**Data excerpt**.
════════════════
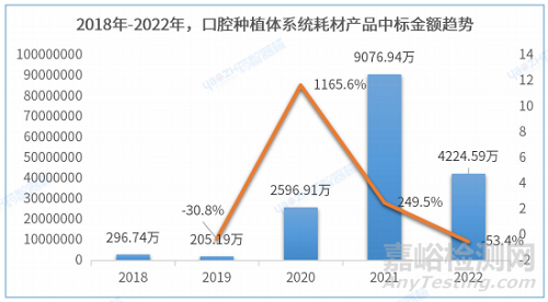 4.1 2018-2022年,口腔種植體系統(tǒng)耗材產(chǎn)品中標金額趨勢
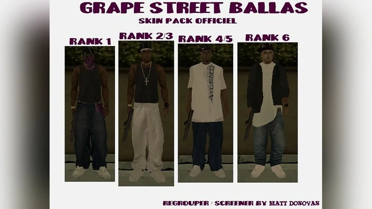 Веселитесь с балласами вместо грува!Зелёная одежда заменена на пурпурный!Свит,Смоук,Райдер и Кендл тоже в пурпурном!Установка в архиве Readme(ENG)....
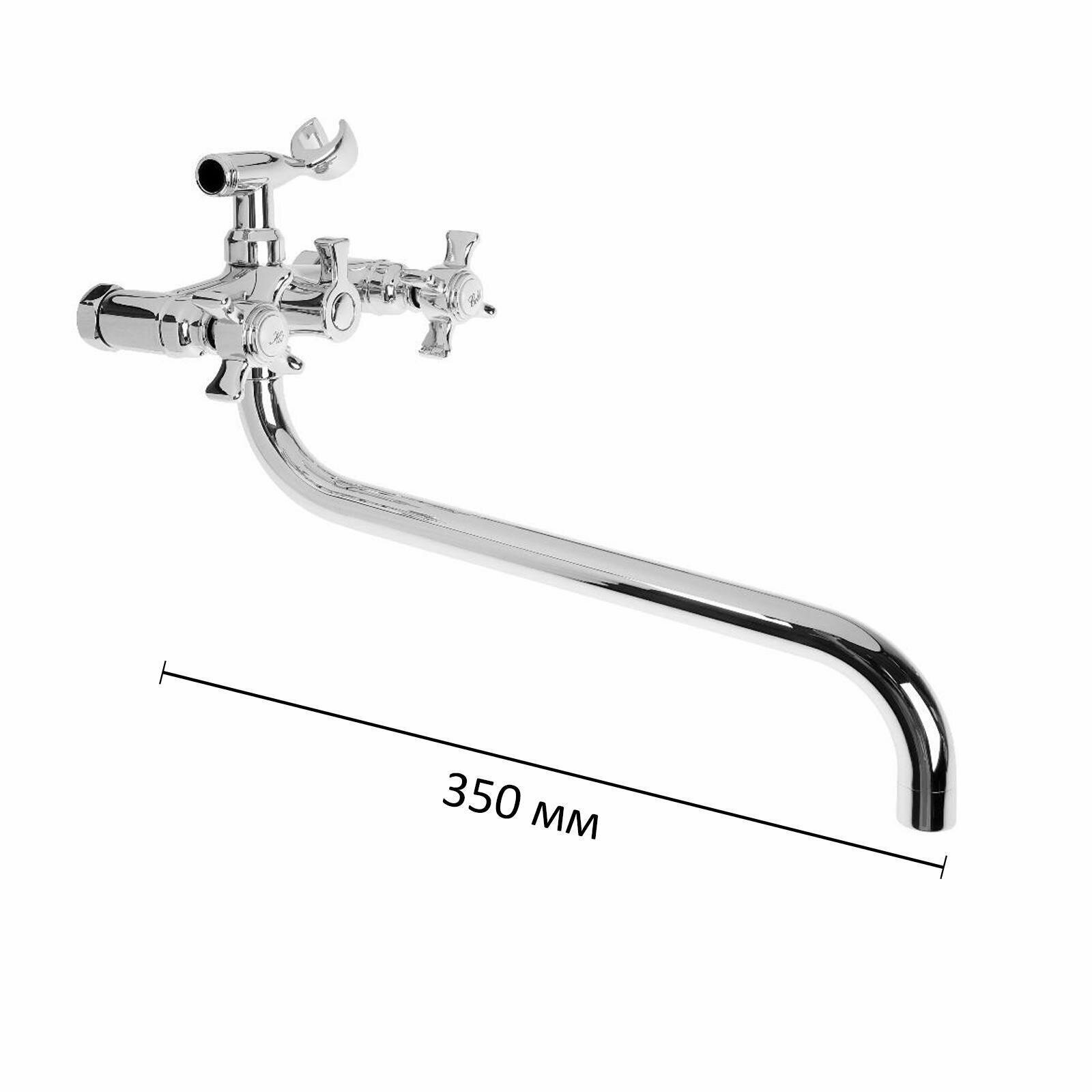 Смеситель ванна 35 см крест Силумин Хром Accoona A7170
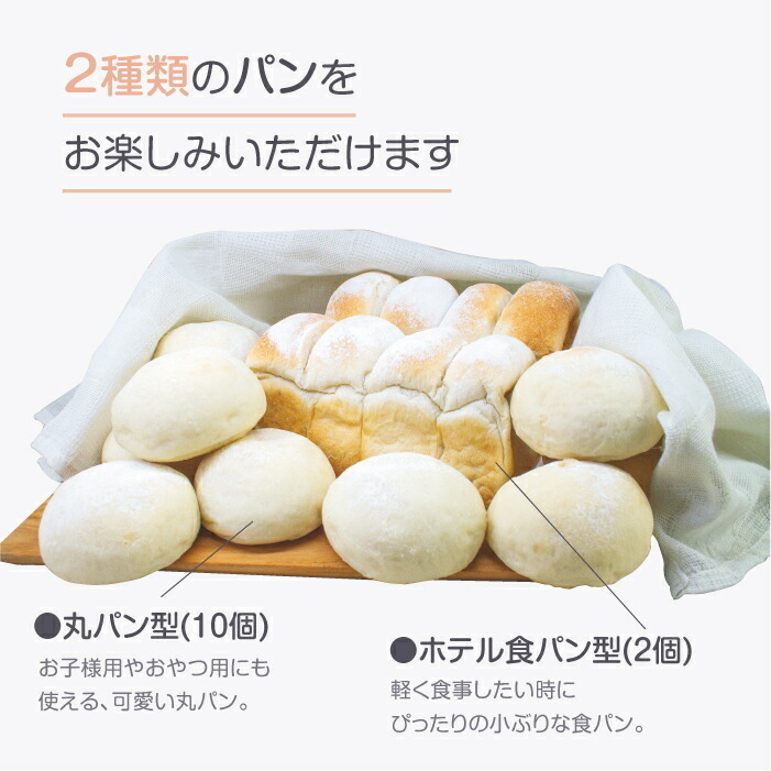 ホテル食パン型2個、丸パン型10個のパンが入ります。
════════════════
**To do**. The listing must be repeated word for word, and none of its pictures may appear in the copy.

**Result of this exercise**.
 4.1 2018-2022年,口腔種植體系統(tǒng)耗材產(chǎn)品中標金額趨勢
 Веселитесь с балласами вместо грува!Зелёная одежда заменена на пурпурный!Свит,Смоук,Райдер и Кендл тоже в пурпурном!Установка в архиве Readme(ENG)....
 Смеситель ванна 35 см крест Силумин Хром Accoona A7170
 ホテル食パン型2個、丸パン型10個のパンが入ります。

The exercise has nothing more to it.